Designing randomized trials during the COVID-19 pandemic has brought unique challenges. Delay in the design phase –or working at the same pace as pre-pandemic periods –may simply fail since the disease wave has rapid turns. Securing sufficient resources in a short period of time is also a practical challenge. Ensuring the health of the research personnel is another design feature to consider, which was not typically a commonly encountered issue for pre-COVID-19 trials. Notwithstanding these challenges, the pandemic has brought opportunities to enhance the efficiency of clinical trial design and reporting, and to embrace additional collaborative efforts (Fig. 1 ).

Fig. 1

Considerations for clinical trial design, conduct and reporting for COVID-19 therapeutics. Several concepts will be relevant outside of the pandemic, as well.

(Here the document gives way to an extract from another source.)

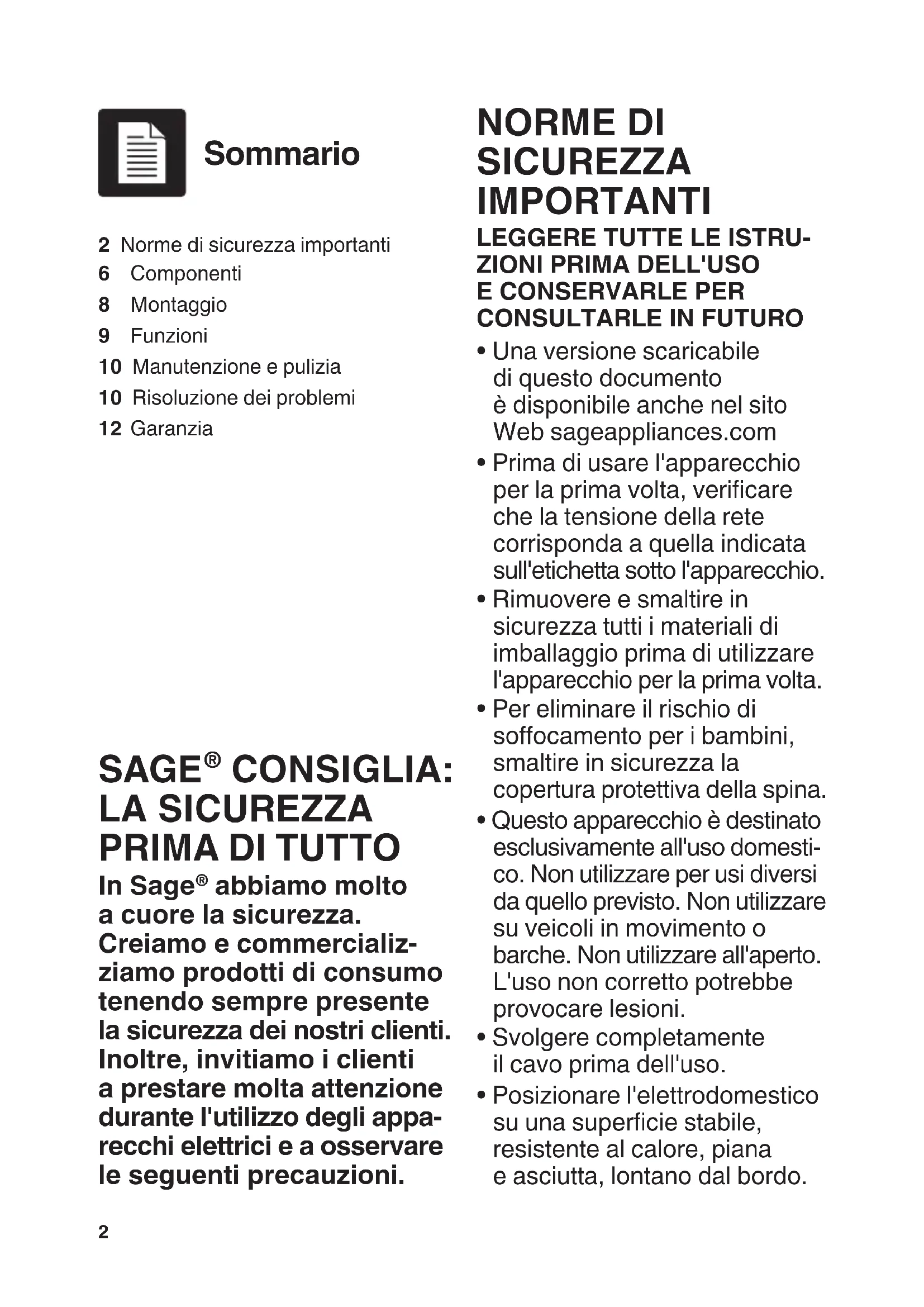 - Una versione scaricabile di questo documento è disponibile anche nel sito Web sageappliances.com

Where do we go from here? Are the results of HESACOVID practice changing? Probably not. However, this study represents an important step forward. Thinking of these exceedingly difficult months, I recalled of a poem from Hafez (Persian poet in the 14th century) says that “there is hope that the days of sorrow will not last… (Calm) days were not eternal and the opposite will not be everlasting either”. HESACOVID and other ongoing randomized trials will get us further closer to controlling this devastating pandemic.

Declaration of competing interest

Dr. Bikdeli reports that he is a consulting expert, on behalf of the plaintiff, for litigation related to two specific brand models of IVC filters.